Records drawn from a dataset
......

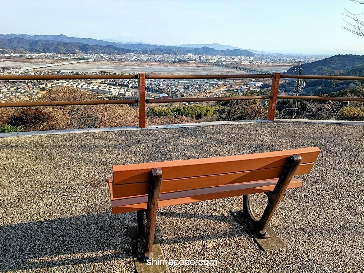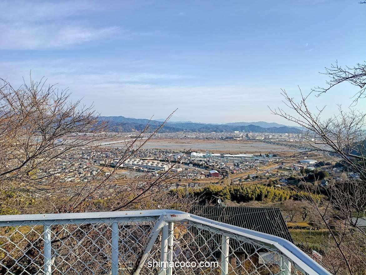 眼下に広がる金谷や島田の街並み、そして雄大な大井川
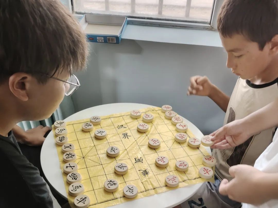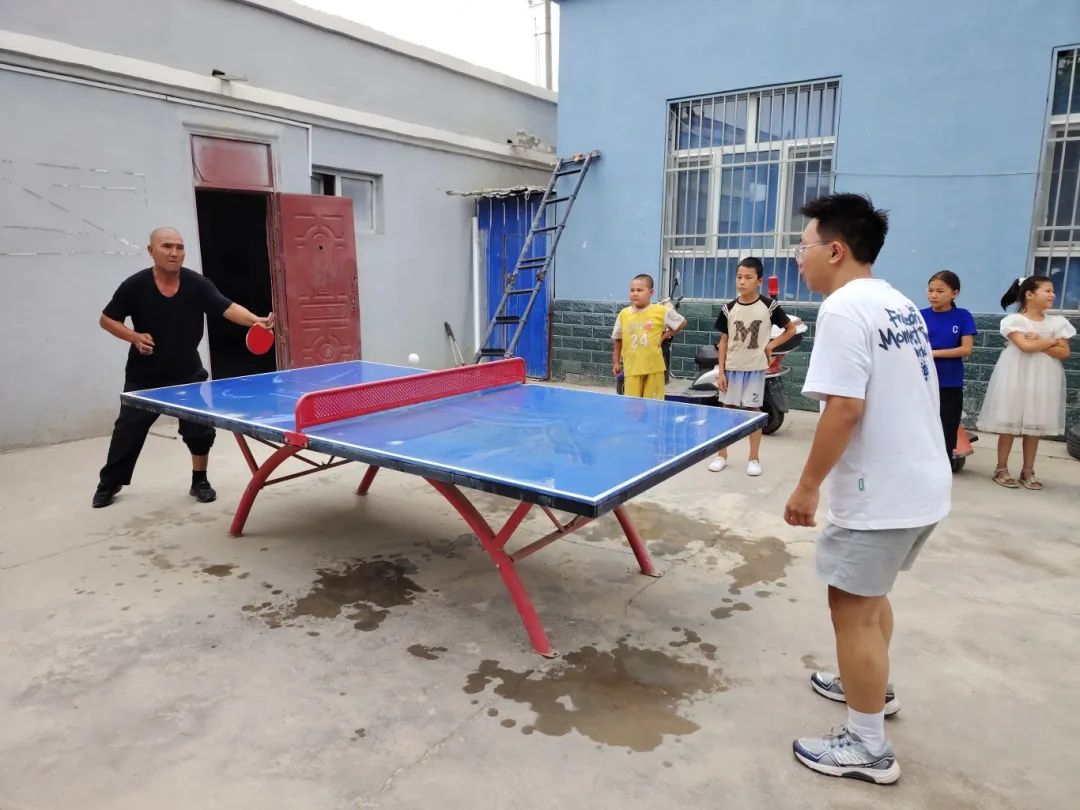 ▲成员们与当地村民一起打乒乓球、下象棋
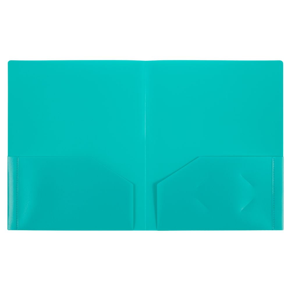 Color: Teal Size: 9 1/2 x 11 5/8 inches Quantity: 108 per box Our durable, smooth plastic folders have a convenient slot for business cards These folders are perfect for helping you stay organized at school, the office, home, or on the go!
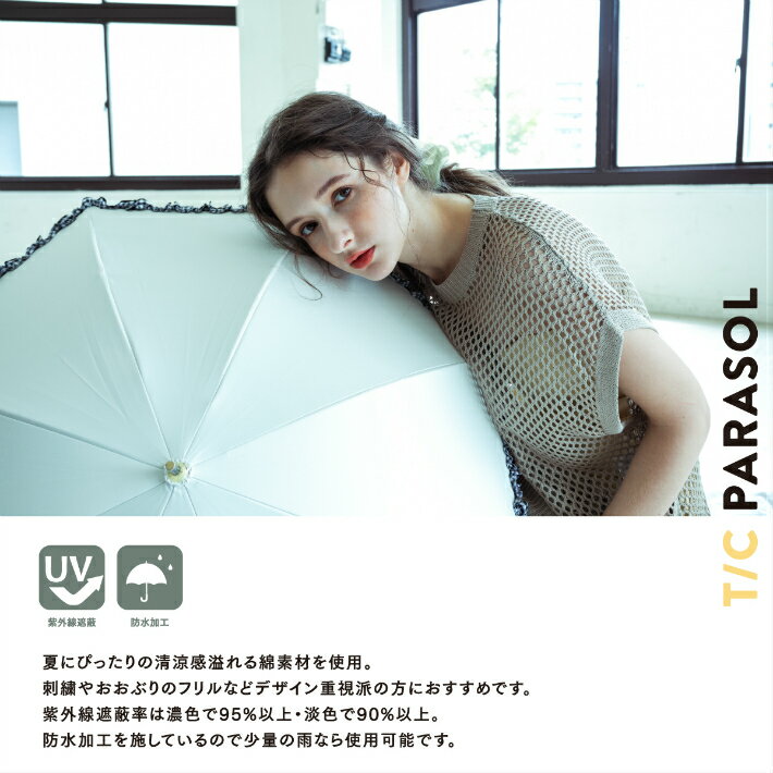 【レディース日傘/晴雨兼用】日傘 長傘 軽量 晴雨兼用 軽い 超軽量 晴雨兼用傘 UVカット 100 遮光 遮熱効果 おしゃれ 一級遮光 レース フリル 刺繍 紫外線対策 かわいい グラスファイバー 50cm a.s.s.a/アセント
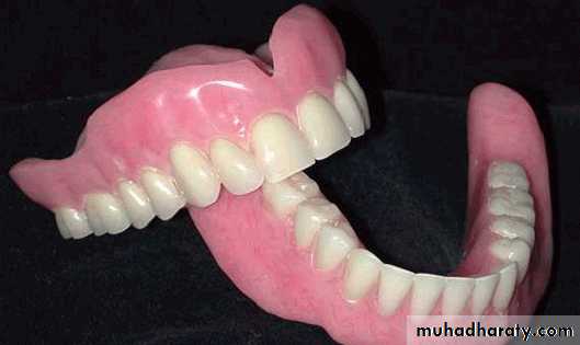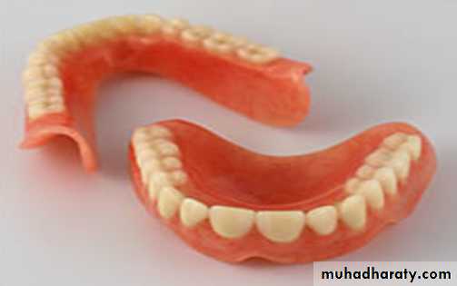 • They are made from acrylic resin, indicated when there is insufficient inter-occlusal distance, and grinding becomes necessary, also in situation where there are opposing natural teeth, partial denture and gold bridge. They are inferior when they are compared with porcelain because they can not maintain shine for long time and abraded easily.
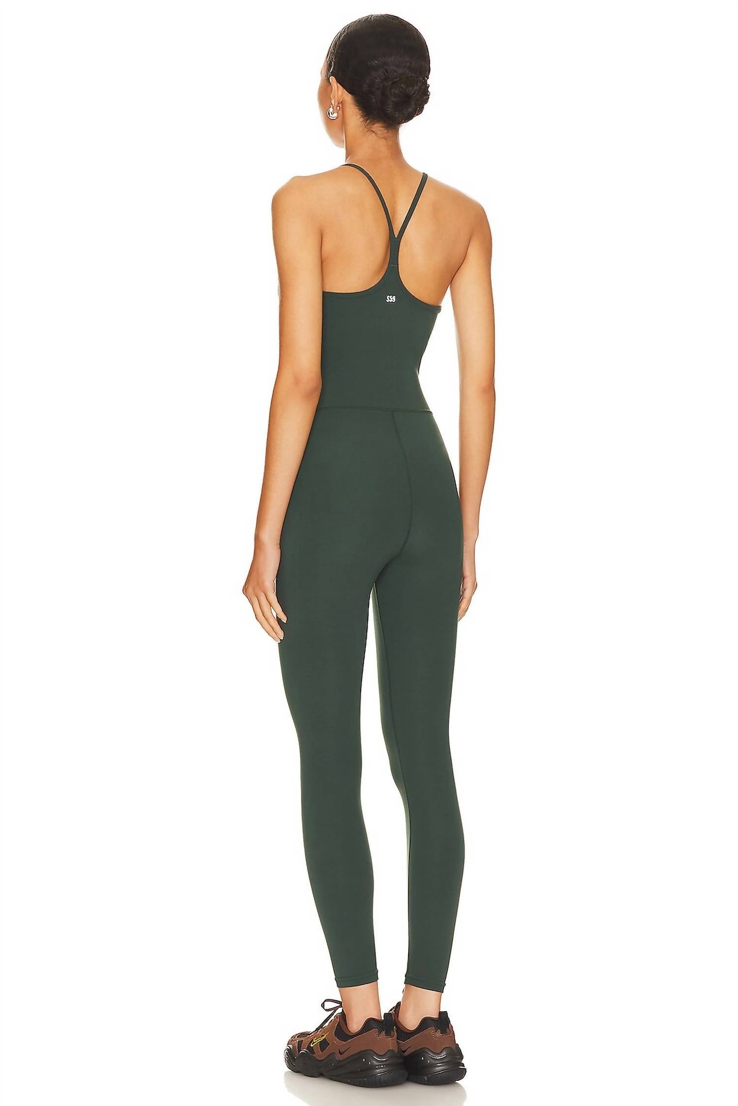 The Airweight Jumpsuit by SPLITS59 is designed for both workouts and casual wear, offering ultimate comfort with its super soft Airweight fabric. This military-colored, body-hugging one piece features a sleek scoop neckline and thin straps, with a practical interior shelf bra for added support. Composed of 81% nylon and 19% spandex, this jumpsuit ensures a snug, second-skin fit. Originating from the USA, it comes with a convenient pull-on closure, and can be effortlessly maintained by machine washing cold.
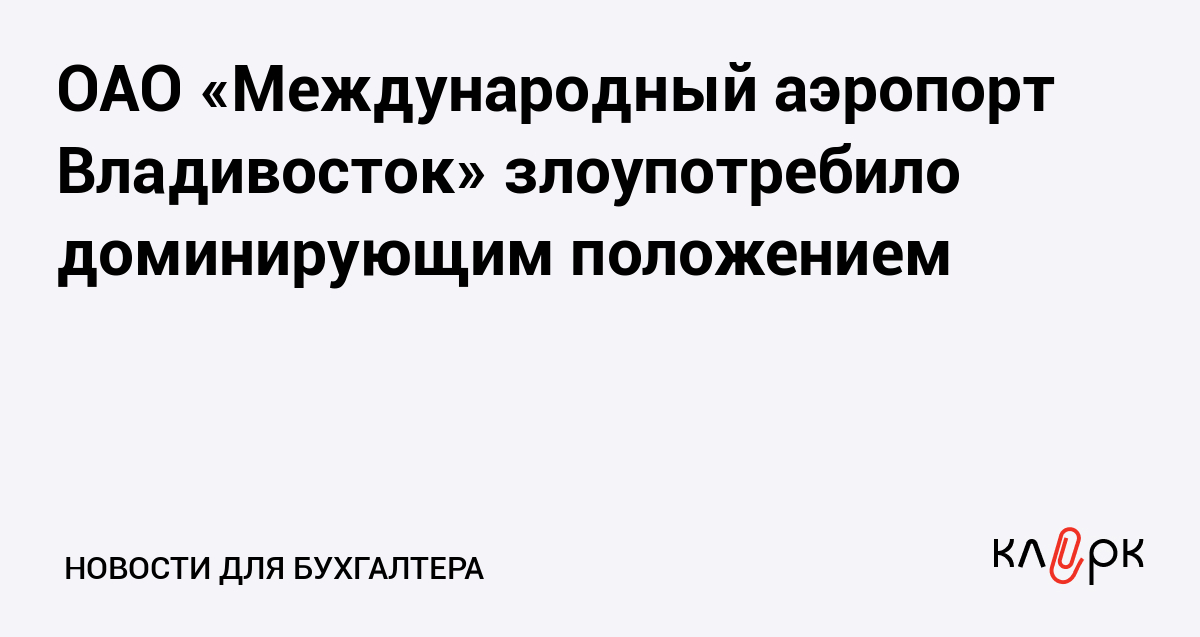 ОАО «Международный аэропорт Владивосток» злоупотребило доминирующим положением
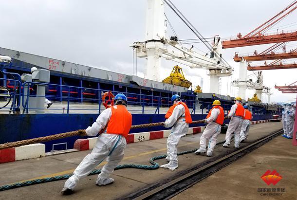 图为广东公司燃料人员落实疫情防控措施做好外来煤船接卸

......

Aim of the exercise: Omit the pictures and print again exactly the lines from the one with "グラスファイバー 50cm a.s.s.a/アセント" through the final line of the entries, both ends included.

Exercise answer:
 【レディース日傘/晴雨兼用】日傘 長傘 軽量 晴雨兼用 軽い 超軽量 晴雨兼用傘 UVカット 100 遮光 遮熱効果 おしゃれ 一級遮光 レース フリル 刺繍 紫外線対策 かわいい グラスファイバー 50cm a.s.s.a/アセント
 • They are made from acrylic resin, indicated when there is insufficient inter-occlusal distance, and grinding becomes necessary, also in situation where there are opposing natural teeth, partial denture and gold bridge. They are inferior when they are compared with porcelain because they can not maintain shine for long time and abraded easily.
 The Airweight Jumpsuit by SPLITS59 is designed for both workouts and casual wear, offering ultimate comfort with its super soft Airweight fabric. This military-colored, body-hugging one piece features a sleek scoop neckline and thin straps, with a practical interior shelf bra for added support. Composed of 81% nylon and 19% spandex, this jumpsuit ensures a snug, second-skin fit. Originating from the USA, it comes with a convenient pull-on closure, and can be effortlessly maintained by machine washing cold.
 ОАО «Международный аэропорт Владивосток» злоупотребило доминирующим положением
 图为广东公司燃料人员落实疫情防控措施做好外来煤船接卸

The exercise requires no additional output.